# Bosnian (BCS): ma boli me briga



## vatreno

1) Can some one help me translate this Bosnian phrase: ma boli me briga.
It was said "grrrrrrrr... ma boli me briga."

I am guessing that ma is just short of mama and that briga- brigati= to care for?

xxx


Thanks.


----------



## dudasd

"Ma" is similar to English "well", though a bit more energetic. The whole phrase is hardly translatable word by word; but the meaning is:

Well, I don't give a damn!


----------



## vatreno

haha ok that makes sense!

Hvala


----------



## farisca

I don't care...


----------



## musicalchef

If it's closer to dudasd's translation, is it a bit naughty in Bosnian?  For example, is it something you could say among: observant Muslims; someone's grandmother; your boss and senior coworkers; or just close friends?


----------



## Athaulf

musicalchef said:


> If it's closer to dudasd's translation, is it a bit naughty in Bosnian?  For example, is it something you could say among: observant Muslims; someone's grandmother; your boss and senior coworkers; or just close friends?



The expression is neither vulgar, nor offensive in any way. In that regard, it's more similar to "I don't care" than to "I don't give a damn", since "damn" can still be considered as an expletive, especially among religious people (although not a very strong one these days). 

On the other hand, the expression is informal and a bit slangy, so I wouldn't use it in very formal situations. Still, I'd say it's totally OK for all informal situations -- for example, I've used it in front of my parents and other older relatives, in front of whom I never swear and instinctively speak and behave politely. You could definitely use it among your coworkers, and even in front of your boss, unless he expects you to use a very formal and distant tone.


----------



## jazyk

When I first saw it, I thought it meant My stomach hurts. Any relation?


----------



## Athaulf

jazyk said:


> When I first saw it, I thought it meant My stomach hurts.
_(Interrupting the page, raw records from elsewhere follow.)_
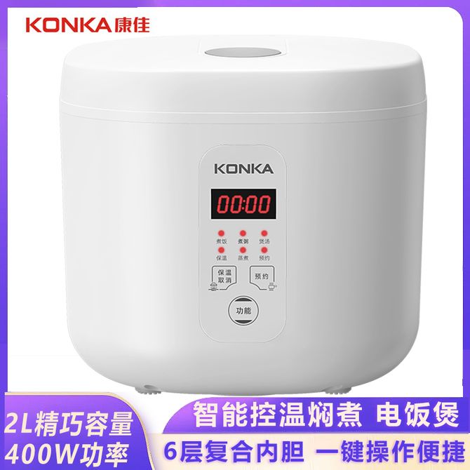 康佳/Konka 电饭煲 2L容量家用宿舍小电饭锅煮饭锅煮粥锅煮饭煲智能控温焖煮400W功率 智能控温焖煮 400W大功率 2L精巧容量 6层复合内胆 一键操作便捷 兑换价格 4800 里程 会员卡别 终身白金卡 白金卡 金卡 银卡 普通卡 儿童卡 服务 由 广西自贸区京通桂达科技发展有限公司 发货并提供售后 颜色: 其他 购买数量: 件 库存件 配送地址: 立即购买 加入购物车 成功添加到购物车 关闭 购物车共有 种商品 总金额为: 组合销售 产品介绍 产品规格 售后服务 产品咨询 发现好货 苏泊尔(SUPOR) 电饭煲电饭锅4L大容量 不粘内胆4-6个人前置大屏面板24小时预约上蒸下煮多功能家用智能SF40FC0063 7700 里程 美菱/MELNG 电饭煲3L触控式预约定时MF-LC3005 4400 里程 美的(Midea) 电饭煲 家用3L智能预约多功能电饭锅小型1-4人煮饭锅智能 白色 MB-FB30M161 7800 里程 康佳/Konka 迷你电饭煲小电饭锅2L容量智能温控12小时预约煮饭煮粥锅 4800 里程 美的/Midea 电饭煲电饭锅3-4个人家用4L大容量聚能釜金属机身大火力米饭锅【升级焖香阀】RE417 8700 里程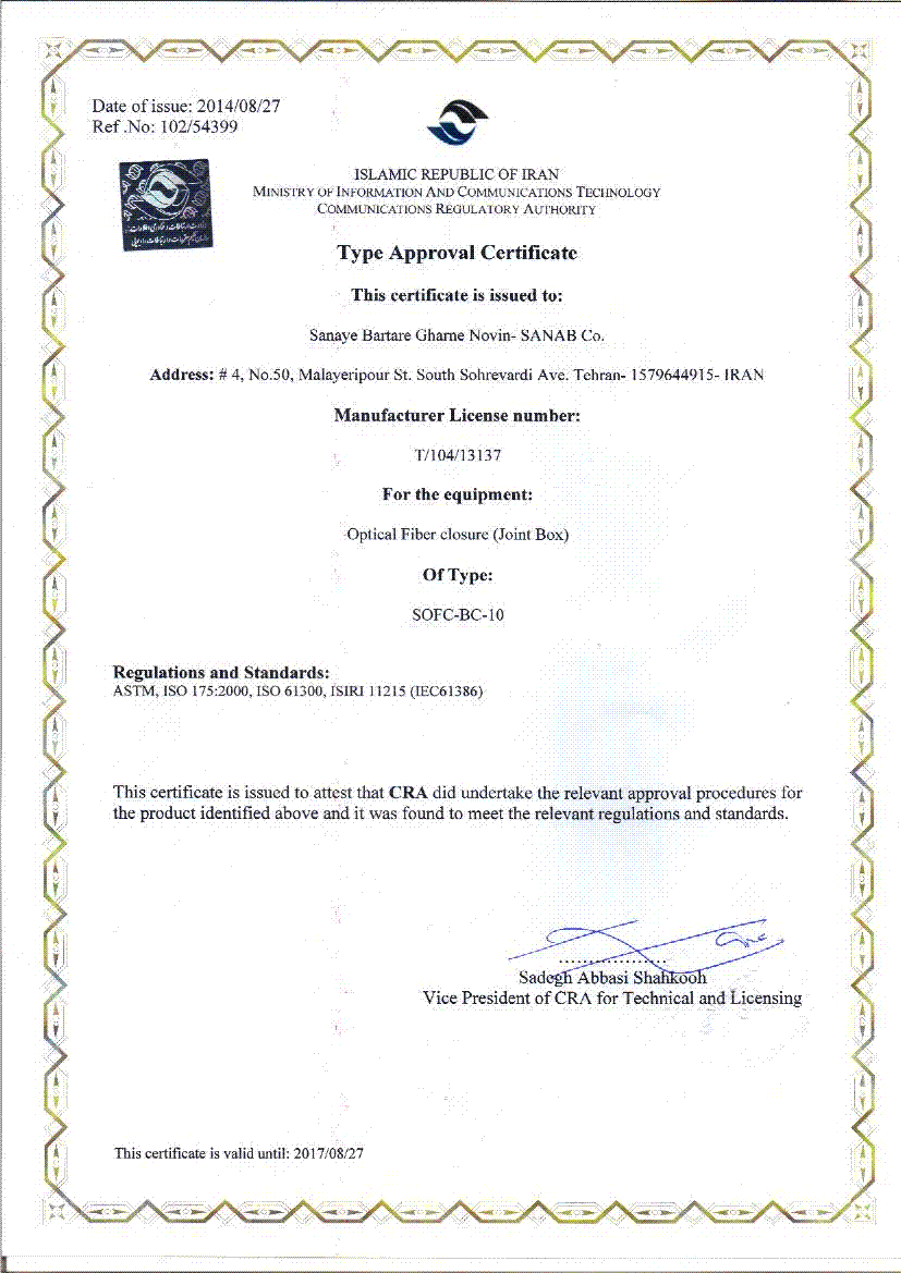 On 27 Aug. 2014, after carefully review the Regulatory Authority of Islamic republic of Iran(affiliated to the Ministry ICT) the Type Approval Certificate for SOFC-BC-10 SANAB under the standard: ASTM, ISO 175:2000,ISO 61300, ISIRI 11215(IEC61386)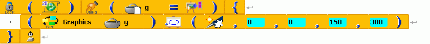 Do závorek za příkaz se vkládají tyto parametry: štětec, kterým chcete vykreslit vyplněnou elipsu, bodové souřadnice levého horního rohu obdélníku, kterému bude vepsána elipsa, a výška s šířkou obdélníku, kterému bude vepsána elipsa.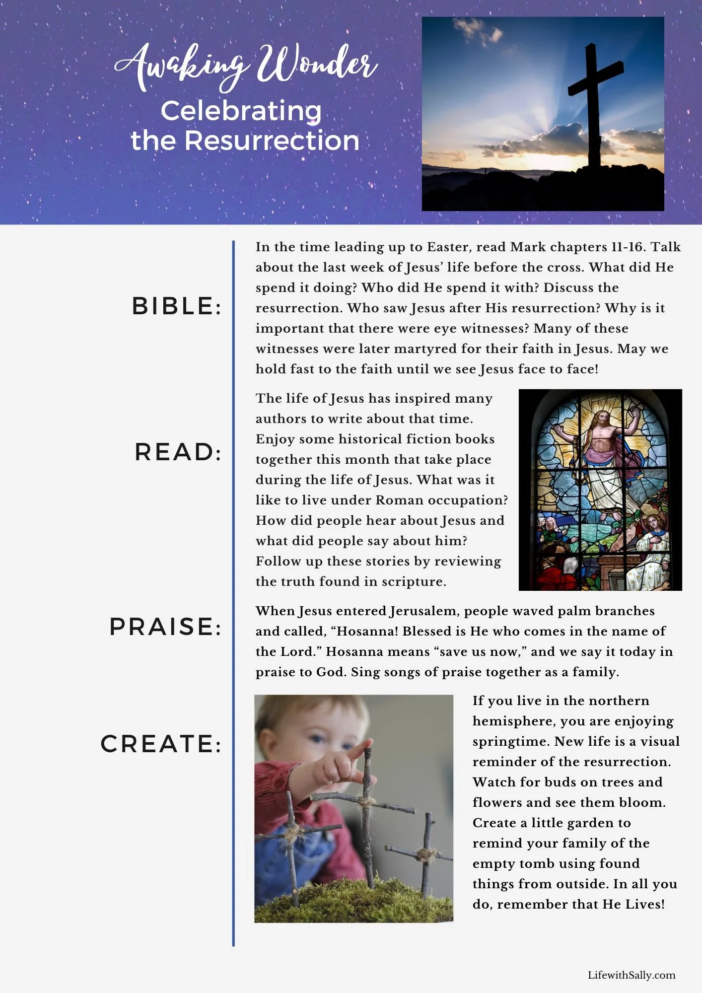 We hope this month's Awaking Wonder unit will help your family prepare your hearts for Easter. As you read scripture together, try to imagine what it was like on the day Jesus died--how dark, lonely, and frightening that must have been. When you read about the resurrection, think about the hope that filled the witnesses' hearts. He is not dead. He is risen! He is still our hope today. Each time you read scripture, praise God, and pray together, you are preparing your children for their future. Day by day, you can equip them with habits and knowledge, and you can pray and trust God to do His work in their hearts.

Any relation?



Good guess.  Generally, _boli me X_, with _X_ in nominative, means "my X hurts". Thus, "my stomach hurts" would be _boli me stomak_/_trbuh_. The expression in the title sarcastically exclaims "my worry hurts [me]". 

Grammatically, the construct is analogous to the Spanish _me duele el estomago_, except that _me_ in BCS is the accusative, not dative (whereas in Spanish, it would be _le duele_, not *_lo duele_ in the third person where the difference still exists).


----------